Trabalhando neste campo, conhece casos de
raparigas que se tenham arrependido de ter os seus bebés?
Eu não
conheço.
E o contrário?
Sim. Algumas
daquelas que mais me marcam, em relação a este tema, são as que engravidam mais
tarde, pode ser anos depois, e voltam a procurar-nos e o pedido que fazem é
"eu só não quero voltar a fazer o que fiz, porque por isso não quero
passar outra vez".
E foram decisões
tomadas, às vezes, pelas próprias. Este pedido, que é, "eu não sei como é
que vou levar isto para a frente, mas não quero passar por esta situação outra
vez. E não é uma nem duas, são bastantes. Depois arranjam outros significados,
mas a única coisa que sabem é que não querem passar por aquilo outra vez.
Há uma história que
me marca muito. Uma vez fui a uma escola falar sobre a nossa intervenção a
nível social e psicológico, gravidez, maternidade... Não tinha a ver com o
tópico do aborto. Fui falar a uma turma e no fim, quando estava a sair, houve
uma rapariga que se aproximou de mim e que disse que gostava de falar comigo.
Fiquei meio atrapalhada, porque não estava a perceber bem o que queria. Ela
vinha assim meio de lágrimas nos olhos e disse-me: "Só lhe quero pedir um
favor: Que falem disto a mais gente. Porque se eu soubesse o que sei hoje, não
tinha feito o que fiz. Se soubesse que havia ajudas, eu não tinha feito o que
fiz".
Que idade é que ela tinha?
Tinha 17 ou 18, mas
tinha feito um aborto com 15/16 anos.
Isto foi das coisas
que mais me marcou, no sentido de perceber que é importante que as pessoas
saibam que existe ajuda, ajuda até no sentido de pensar e de ajudar, porque
agir em fuga para a frente e tomar decisões precipitadas, que é o que muitas
vezes acontece, não constrói nada.
Voltando ao caso da
Vanessa, este imprevisto na sua vida acabou por ser um pivot para ela dar a
volta por cima. A própria admite que de outra maneira dificilmente se teria
“endireitado”. Isso acontece muitas vezes? Pode-se dizer que é regra?
Que é uma
oportunidade para isso, não há dúvida. Resta saber como é que é agarrada e com
que apoio. Porque, que é muitíssimo desafiante, é. Ainda por cima com as
fragilidades da estrutura anterior, agora, não há dúvida – e a Vanessa é um
exemplo disso – que de alguma forma é como se a gravidez fosse um travão a si
próprio, uma tentativa de ser alguém, esta coisa mesmo da autonomia, do grito,
de agarrar na minha vida e fazer alguma coisa. Isto surge, e surge também em
mulheres adultas, com vidas mais complicadas e muitas delas falam nisso, mesmo
quando decidem depois abortar.
Tenho várias
situações, mesmo de mulheres que acabaram depois por abortar, que têm esta
percepção de que "posso fazer alguma coisa diferente com isto".
Para mim, é
claramente uma oportunidade e isso é reconhecido por muitas que passam por esta
situação, independentemente da crise ou da intensidade da crise que a gravidez
inesperada gera. Agora, que depois ela pode ou não ser agarrada e abraçada, e
construída como a Vanessa a construiu, isso depende de cada uma e do esforço,
do nosso trabalho, daquilo que da nossa parte depende, da família...
Na família a
reacção inicial nunca é a reacção final. Nós dizemos muito isto, só que dizer é
uma coisa, viver é outra. Viver com o pânico de que a família nos abandone...

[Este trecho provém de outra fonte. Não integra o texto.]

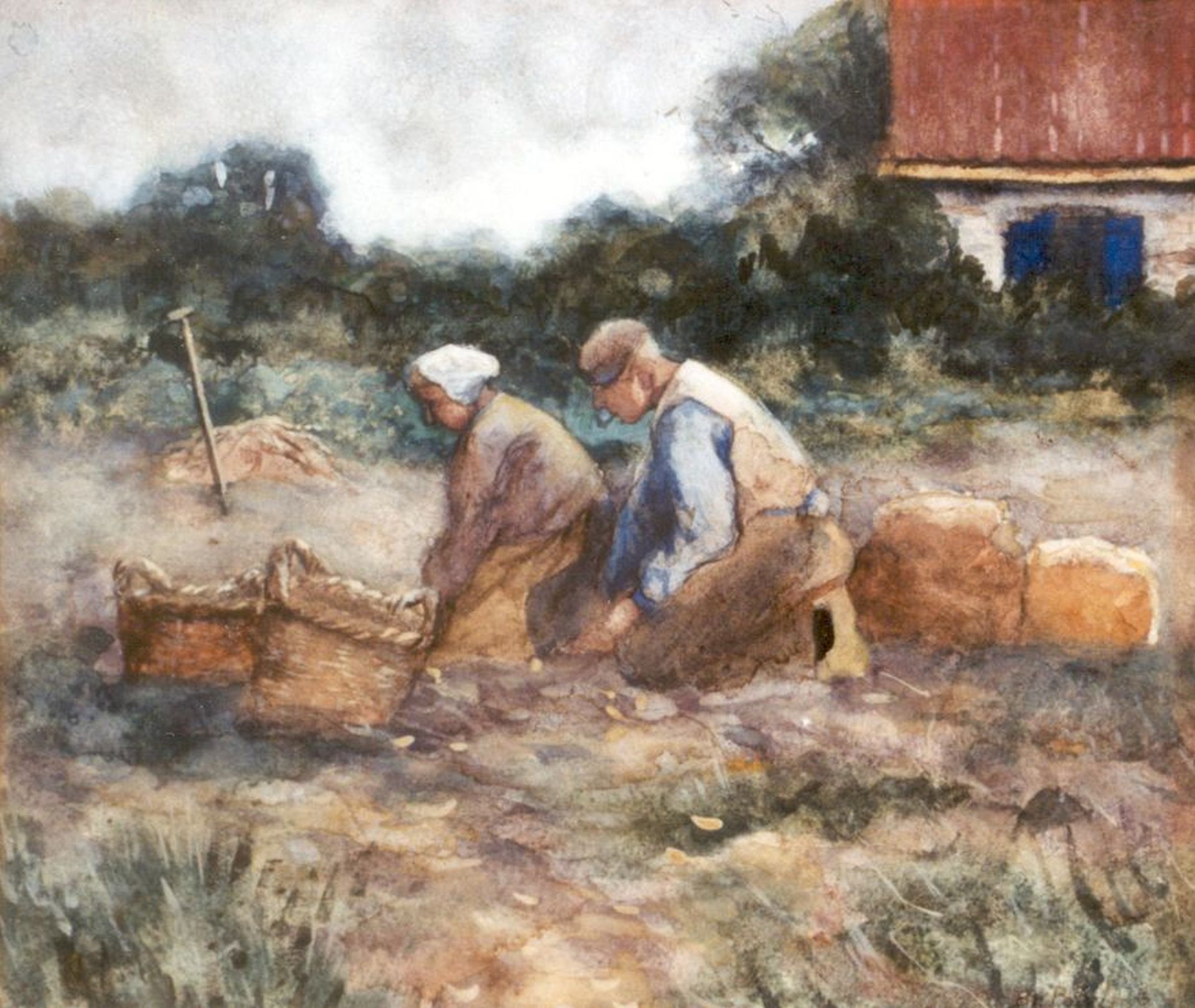 Barend Polvliet Kunstwerk • Aquarell • Zeichnung • zuvor zu verkaufen Digging up potatoes

não há chantagem maior que esta.
Por isso é uma
oportunidade, isto tenho claro.
Ainda acontece muito, as famílias dizerem
"ou abortas ou sais de casa?"
Sim. Estou no Apoio
à Vida há 10 anos e apanhei a mudança da lei. Agora acho que até é mais duro.
Agora só não abortas se não quiseres, portanto "quem és tu, para decidir
com esta idade, pôr-me este peso em cima" – porque ainda por cima está
dependente, estamos a falar de jovens dependentes dos pais.
Antigamente a família estaria a ser cúmplice de
violação da lei, enquanto agora...
Exactamente. A lei
está do lado da família que tem muitas dificuldades em ver isto como cenário
possível. Portanto a jovem nesse sentido, se quer prosseguir com a gravidez,
tem a vida muito mais dificultada.
Vou alargar, jovem
e mulher, porque das situações que acompanho é em qualquer idade, quando para
quem não quer assumir a responsabilidade, esta lei, se a mulher estiver dentro
do prazo das 10 semanas, está desprotegida se quer prosseguir. Está muito
desprotegida.
Portanto sim, acontece e acho que a pressão é mais forte desde a mudança da lei.
Até porque a nível social isto tem repercussões. Uma vez fui falar a uma escola em que numa turma de vinte e tal alunos não era uma possibilidade prosseguir uma gravidez antes de ter uma vida estabilizada. Isto em termos de mentalidade vai construindo a forma de pensar a vida. Sem dúvida que isto também contamina e as pessoas estão imbuídas desta mentalidade e nesse sentido notamos que a pressão da família é mais severa, e de formas até mais violentas por parte da família e às vezes do pai da criança, porque é só a vontade dela que está em causa. Antes era a lei, mas agora é só a vontade dela.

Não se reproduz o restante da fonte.